— Task statement —
Every line of the listing below from the one with "O estacionamento rotativo" up to and including the one with "Over: Ivrige MJ-kunder" should be retyped exactly, and nothing else; pictures are not part of the copy.
■ ■ ■
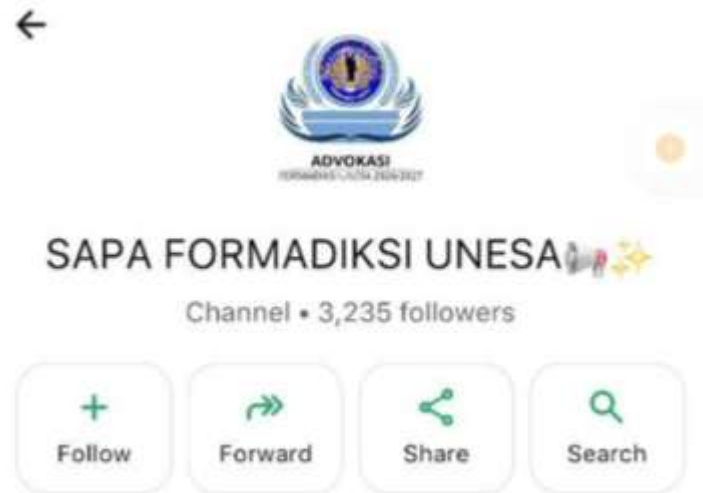
Gambar 5. Saluran informasi Program KIP-K melalui media komunikasi FORMADIKSI Universitas Negeri Surabaya
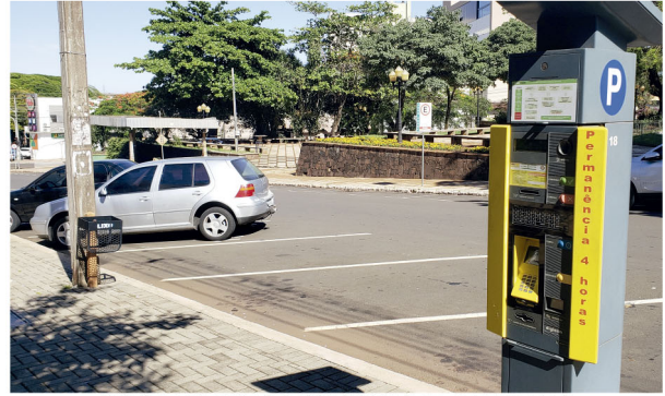
O estacionamento rotativo de Cambé é administrado por uma empresa privada

O procurador também revelou que os cargos de
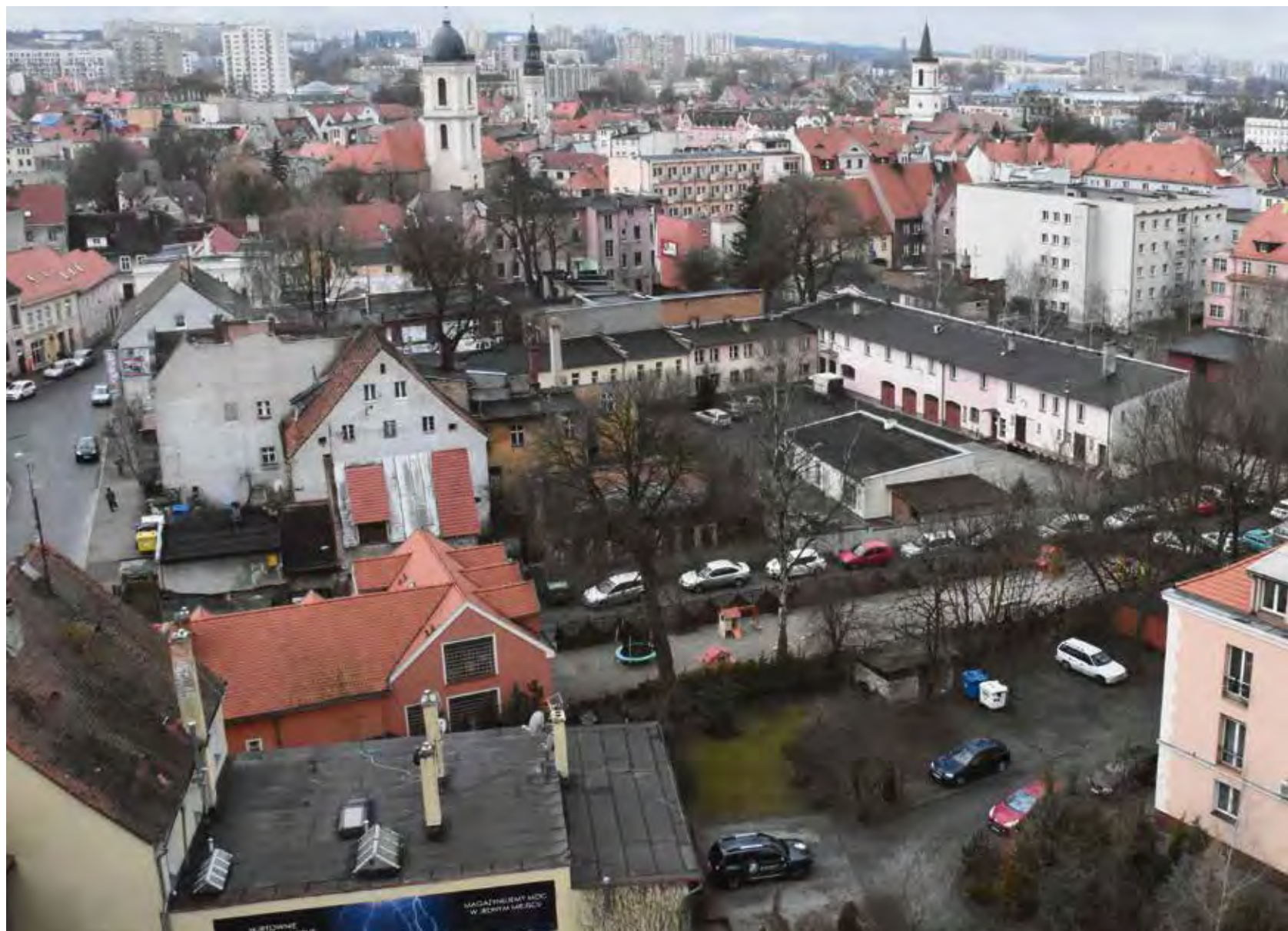
Kwartał pomiędzy al. Niepodległości, Kupiecką, pl. Matejki i Dr Pięnożnego, to ok. czterech hektarów terenu do ponownego zagospodarowania
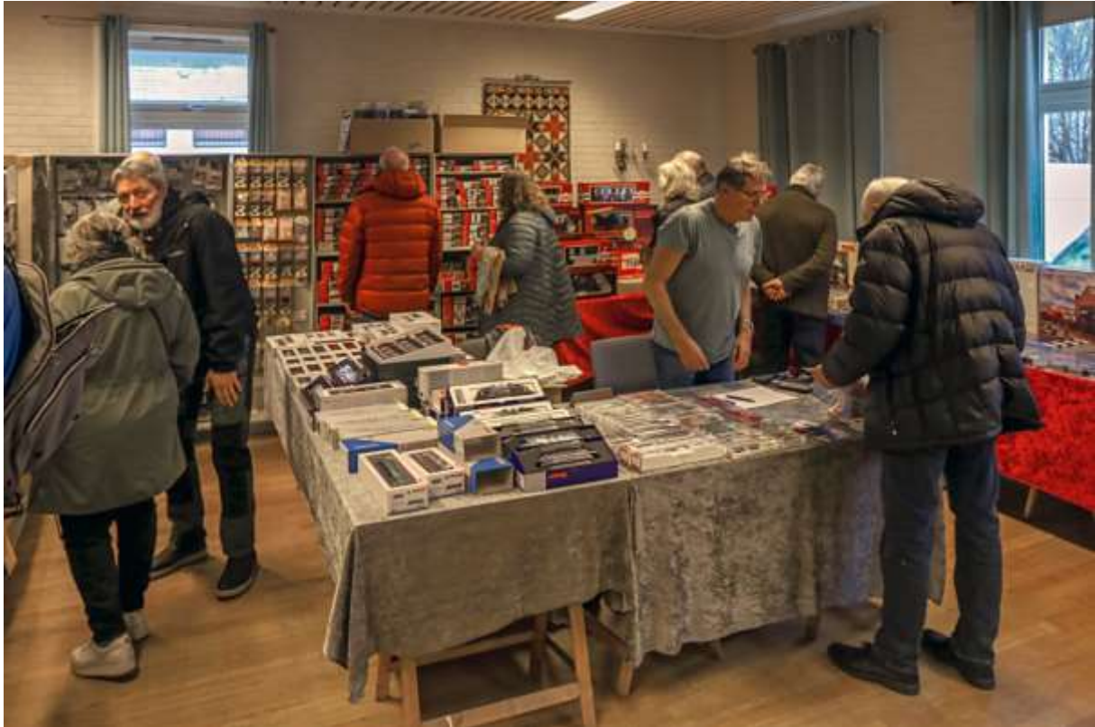
Over: Ivrige MJ-kunder i Bøndernes hus i Råde 2. mars 2024. (LHR)
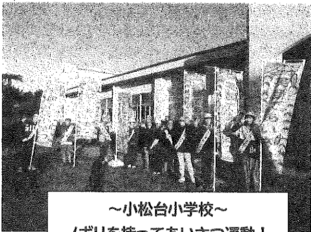
～小松台小学校～ ノボリを持ってあいさつ運動！

生目小学校では、腕章をつけた子どもたち、小松台小学校では黄色い反射バンドを腕に巻いている子どもたちがあいさつリーダーです。見かけましたら、あいさつと共に労いの言葉でもかけていただくと、子どもたちは、さらにパワーアップするのではないのでしょうか。ぜひ元気を注入してください。子どもたちが「地域にこういう人が住んでいるんだ。この地域は安心できる場所なんだ」と、あいさつを通じて、地域愛が育まれることを期待しています。
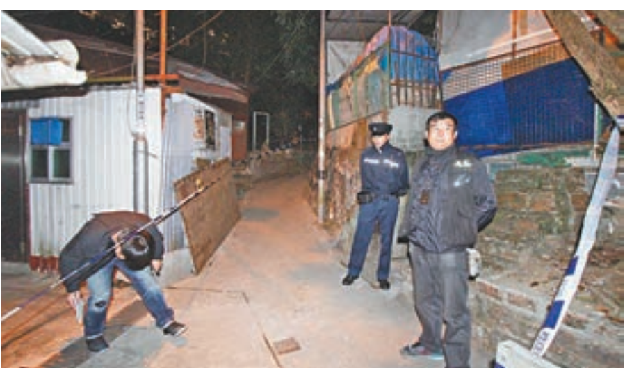
大批警員封鎖禾寮坑村兇案現場調查。

法,驅趕其他經營者,壟斷沙田、青衣、東涌等地方的地盤飯盒生意。他們會先找價錢較低的食肆飯盒,用客貨車運到地盤賣給工人,一個飯盒約35元,成本約20元,每個飯盒可賺取15元,根據地盤人數計算,每月收入可達180萬元,利潤高達80萬元。新界南反黑組接手跟進後,在去年3月展開「尖鉗」及「拓荒者」臥底行動,分階段派出多名臥底探員,滲入黑社會組織搜證,其間發現沙田區的黑幫涉及毒品、詐騙、聚眾毆鬥及其他黑社會相關罪行。
■ ■ ■
— Exercise answer —
O estacionamento rotativo de Cambé é administrado por uma empresa privada

O procurador também revelou que os cargos de
Kwartał pomiędzy al. Niepodległości, Kupiecką, pl. Matejki i Dr Pięnożnego, to ok. czterech hektarów terenu do ponownego zagospodarowania
Over: Ivrige MJ-kunder i Bøndernes hus i Råde 2. mars 2024. (LHR)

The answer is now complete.